Two elements of a binary search tree (BST) are swapped by mistake.
Recover the tree without changing its structure.
Note:
A solution using O(n) space is pretty straight forward. Could you devise a constant space solution?

Solution1：In order dfs

思路： 看哪个违反增序，实现时考虑inorder相邻情况
Time Complexity: O(N) Space Complexity: O(N)

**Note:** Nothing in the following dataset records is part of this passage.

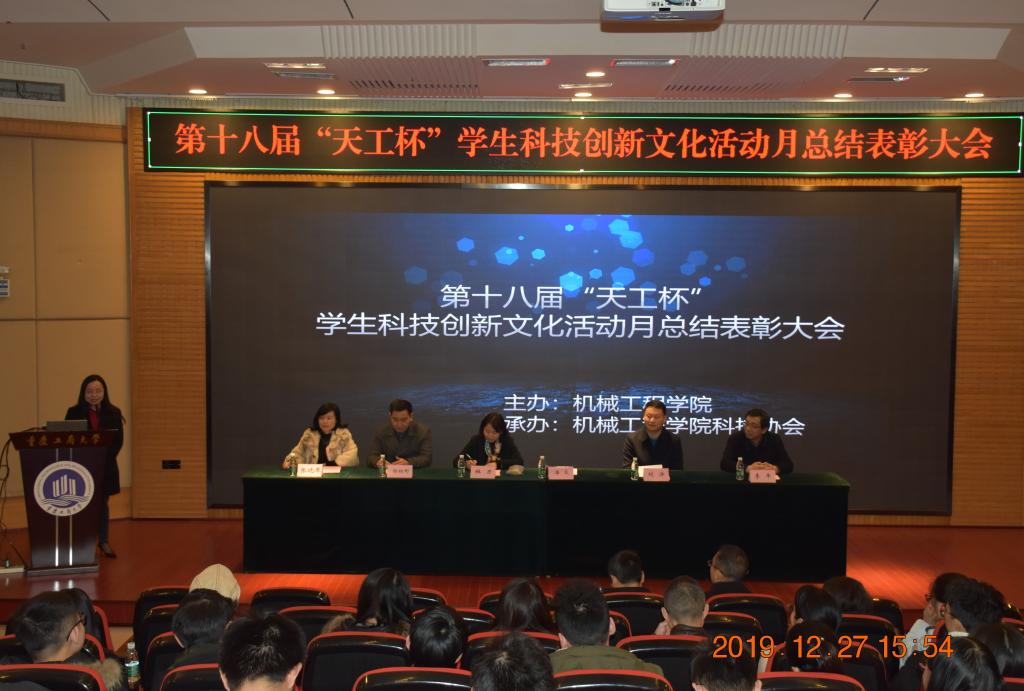 2019年12月27日,beat365在线体育第十八届“天工杯”员工科技创新文化活动月总结表彰大会在7200报告厅举行。学生处副处长潘焱,公司全体领导,活动赛事指导老师,公司部分专职教师和辅导员参加了表彰大会,会议由公司党总支副书记张晓琴主持。
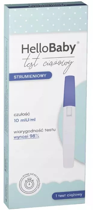 HelloBaby test ciążowy strumieniowy. Czułość 10 mIU/ml. Wiarygodność 98%.!!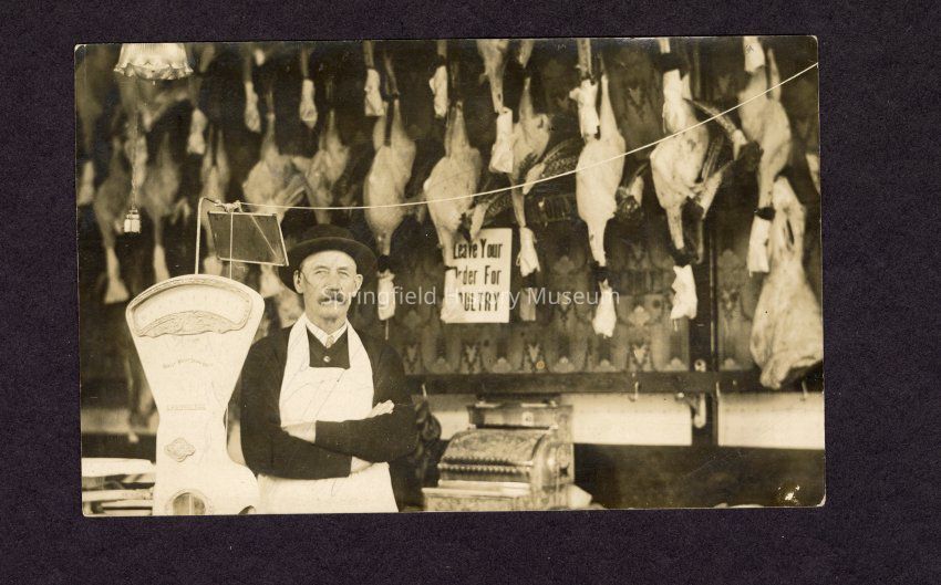 Photograph of Post Card of a Meat Market at 3rd and Main St. J.E. Swarts. Date unknown.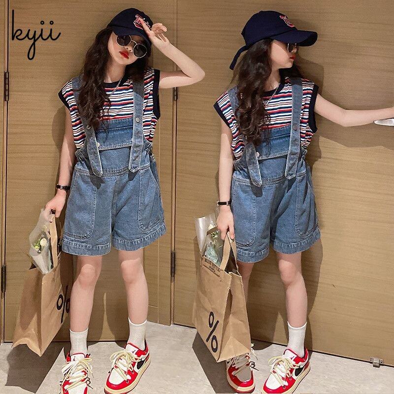 KYII Girls set two-piece Sleeveless Round-neck top children Set kyii0185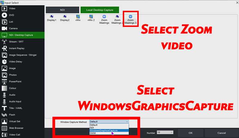 Once your guests have joined your Zoom meeting, we can now add them into vMix. To add the video, select the Add Input button from the bottom left corner. Then select the NDI / Desktop Capture tab. Choose the Local Desktop Capture button from the top. From here, we need to select the Zoom window displaying your video, which is usually the last number. Then you will need to select WindowsGraphicsCapture from the Windows Capture Method Dropdown. Then Click OK.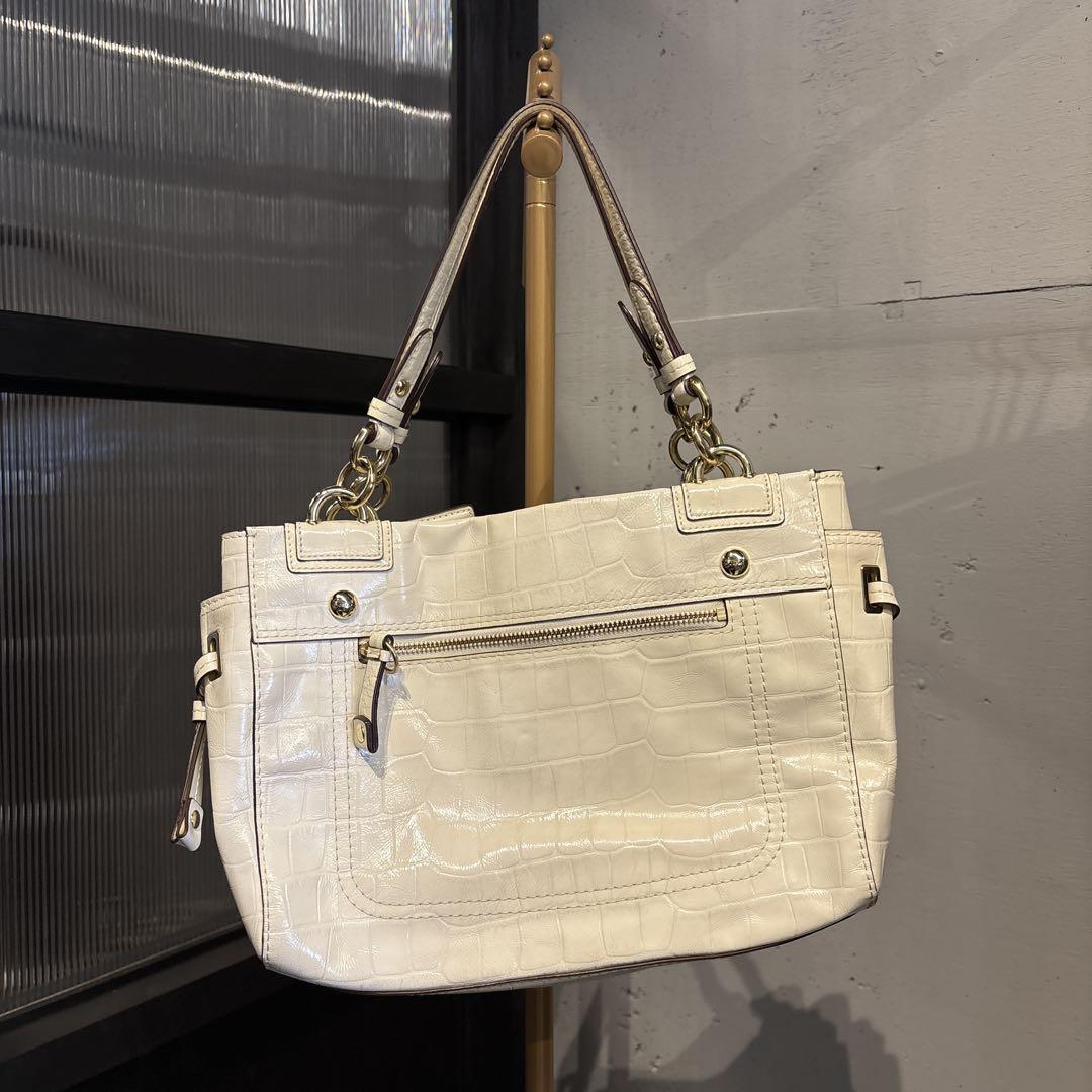 @ coach コーチ エナメル 型押し ホワイト トート ハンド バッグ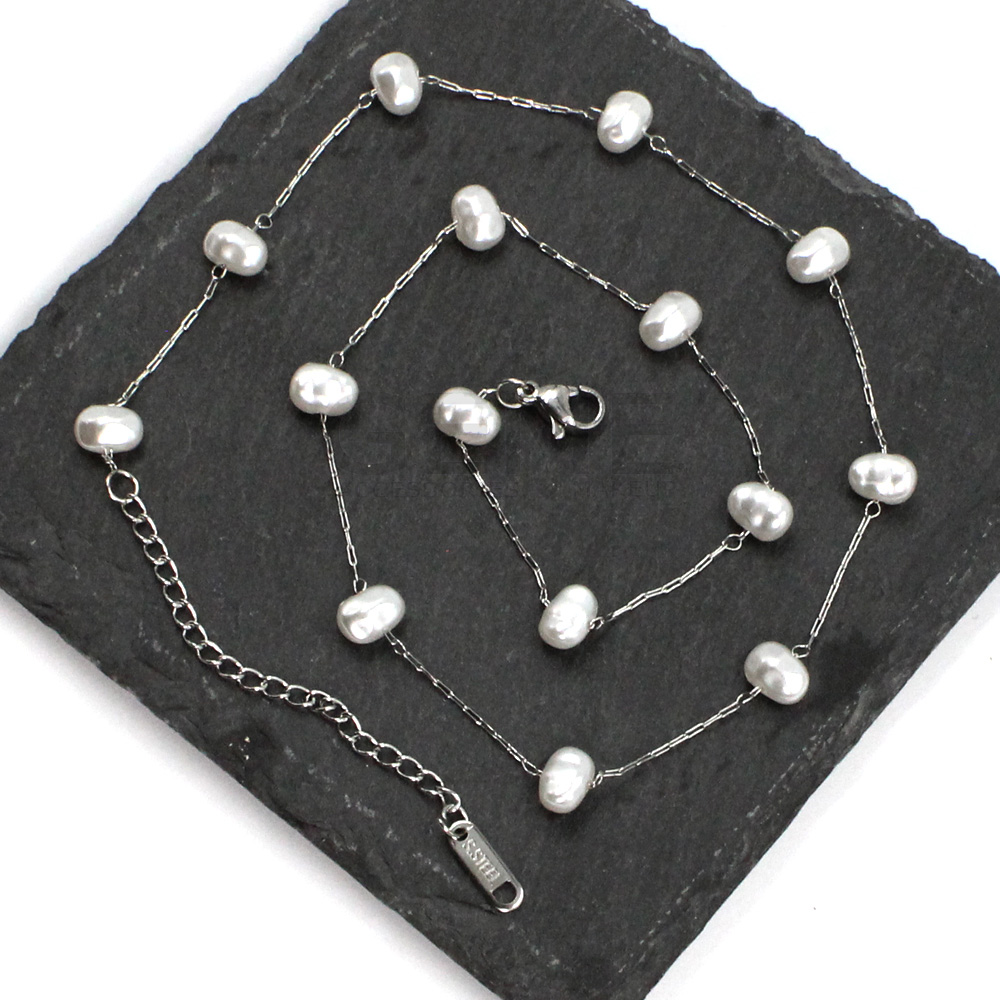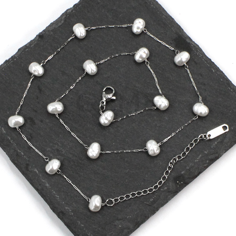 Ατσάλινο κολιέ πέρλα οβάλ ανάγλυφη 5.3mm ποσότητα
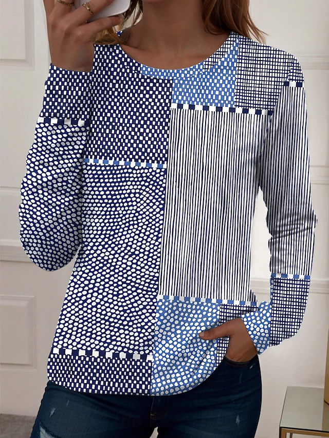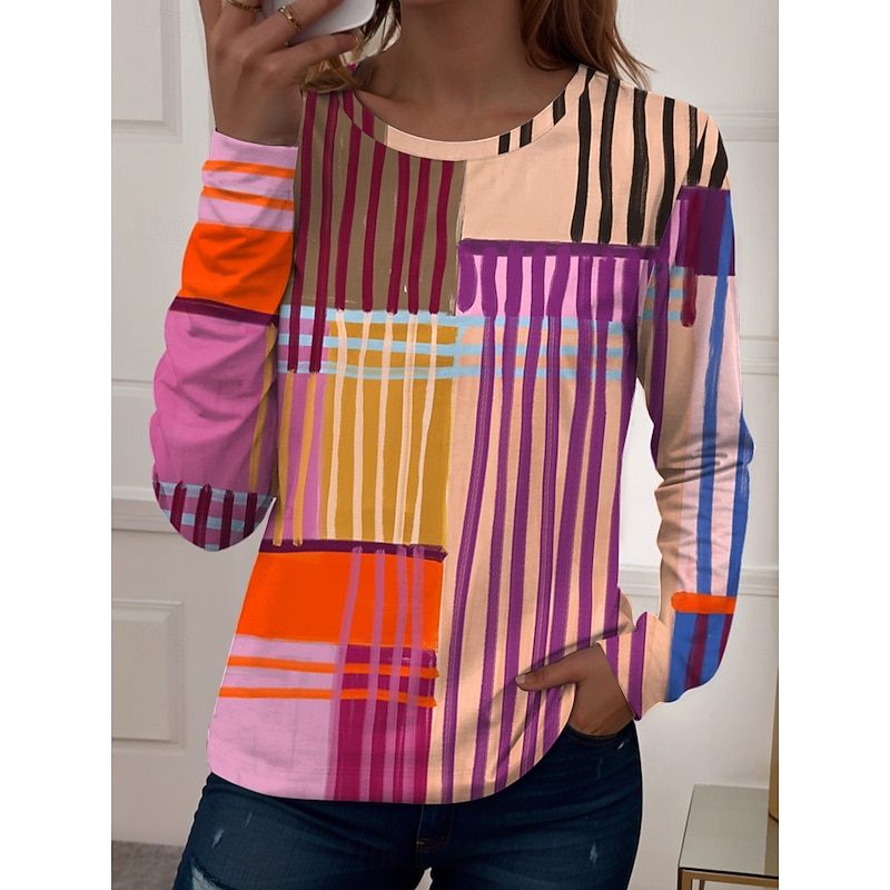 More information about Women's T shirt Long Sleeve Crew Neck Long Sleeve Tunic Graphic Geometric Vintage Casual Regular Tops Daily Print Pink Blue Purple Green Spring Fall Prefall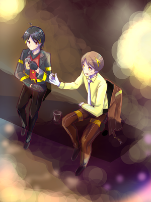 甘夏様、キリ番ゲットおめでとうございます!リクエスト、甘夏様宅より宵くん&梢くんを描かせていただきました…!二人とも好きです…白手袋と黒手袋コンビだ…!とか歳の差萌…とか色々楽しみながら描いておりました…謎構図ですみません…(_ _;)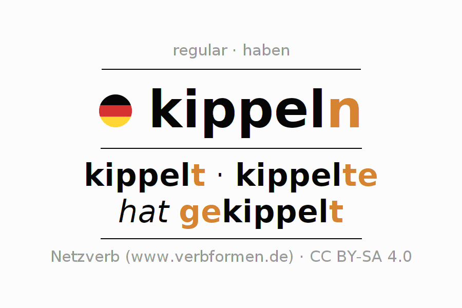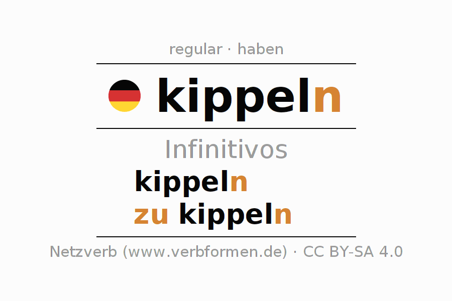 El verbo kippeln, conjugado completamente en todas las personas y números gramaticales en Infinitivo Presente Pasado perfecto.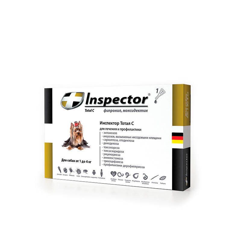 Инспектор Тотал С обладает широким спектром противопаразитарного действия, активен в отношении паразитирующих у собак демодекозных (Demodex canis), саркоптоидных (Sarcoptes canis), отдекозных (Otodectes spp.) и иксодовых (Ixodes spp.) клещей, блох (Ctenocephalides spp.), вшей (Linognathus spp.), власоедов (Trichodectes spp.), личиночных и половозрелых фаз развития кишечных нематод, включая (Тохосаra spp., Toxascaris leonina, Ancylostoma spp., Uncinaria spp., Trichuris spp.), а также личиночных форм сердечных гельминтов (Dirofilaria immitis).

Solution2：Morris Traversal

TBC
Time Complexity: O(N) Space Complexity: O(1)

Solution1 Code：

class Solution {
    private TreeNode node1, node2;
    private TreeNode prev = new TreeNode(Integer.MIN_VALUE);
    public void recoverTree(TreeNode root) {
        if(root == null) return;
        
        inorderCheck(root);
        
        int tmp = node1.val;
        node1.val = node2.val;
        node2.val = tmp;
    }
    
    private void inorderCheck(TreeNode node) {
        if(node == null) return;
        
        inorderCheck(node.left);
        
        // in_order
        if(node1 == null && node.val <= prev.val) {
            node2 = node;
            node1 = prev;
        }
        else if(node1 != null && node.val <= prev.val) {
            node2 = node;
        }
        prev = node;
        
        inorderCheck(node.right);
    }
}